Animal Feed & Animal Nutrition News
Lift feed ban to lower food prices?

// 03 jun 2008

At an emergency meeting of the UN food summit today, Patrick Wall, chairman of the European Food Safety Authority, suggested that the EU lift the ban on feeding animal by products to livestock to help lower food prices.

Grain prices including rice and wheat have risen 83% in three years, causing riots in countries such as Haiti, Egypt, and Mexico. The ban began in 1996 after the BSE crisis in Britain which was linked to animal feed. Professor Wall said that it was now safe to lift the ban.

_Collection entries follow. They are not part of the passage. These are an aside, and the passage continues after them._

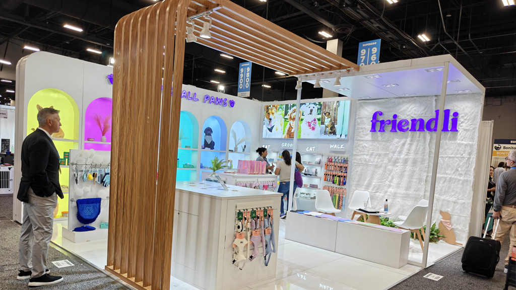 This booth creates a strong brand presence with elevated signage and vibrant visuals. By integrating LED content, bold colors, and interactive counters, it effectively showcases core products while enhancing visitor engagement at the exhibition.
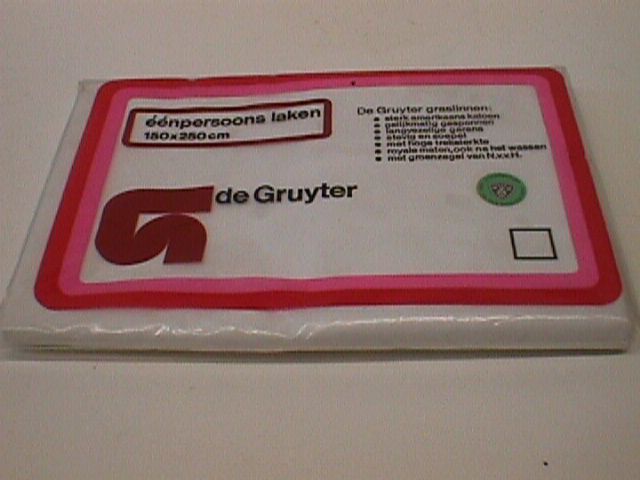 - BeschrijvingDe Gruyter wit graslinnen laken in een plastic verpakking met daarop het De Gruyter logo van na 1972. Op de voorkant lopen rode en roze banen. Het logo is rood.
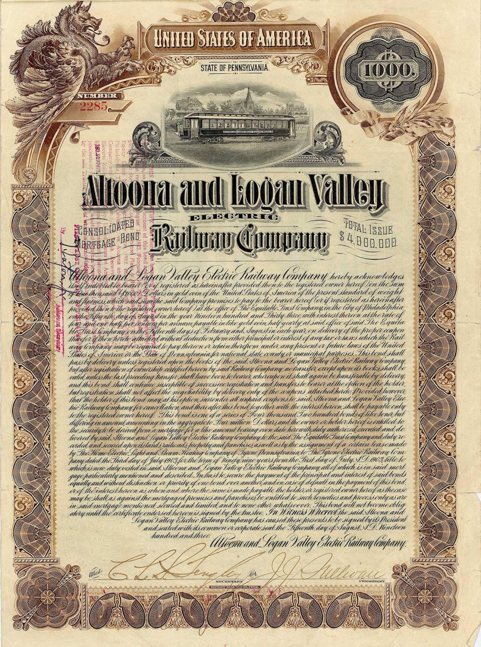 Da piccoli inizi come un tram trainato da cavalli nel 1880 (elettrificato nel 1891), un tram interurbano particolarmente notevole si sviluppò nell'area della città di Altoona nei Monti Allegheny. Altoona divenne una delle operazioni più importanti della Pennsylvania RR, la fabbrica di locomotive era la quarta più grande degli Stati Uniti (e un po 'ad ovest di Altoona si trova la famosa PRR Horseshoe Curve, costruita nel 1854). Il tram impiegava 300 persone, trasportava 11,5 milioni di passeggeri all'anno ed è stata in funzione per un periodo eccezionalmente lungo fino al 1954.

Concern about consumer reaction
The European Commission is considering a plan to allow pigs to be fed poultry trimmings and chickens to be given pig meat to save farmers from buying expensive grain and have asked for Professor Wall’s advice. "Soya meal and other grain prices are going through the roof. Is it morally and ethically correct to be destroying this food when people are starving? No one I know is worried about the science. There is only concern about consumer reaction". he said. 

Awaiting formal advice
A spokesman for Defra said that it was awaiting formal advice from the European Food Standards Agency. "We would only support the proposal if we were satisfied that there was no risk to human health and that appropriate and effective testing had taken place to control the use of such proteins in pig and poultry feed," it said.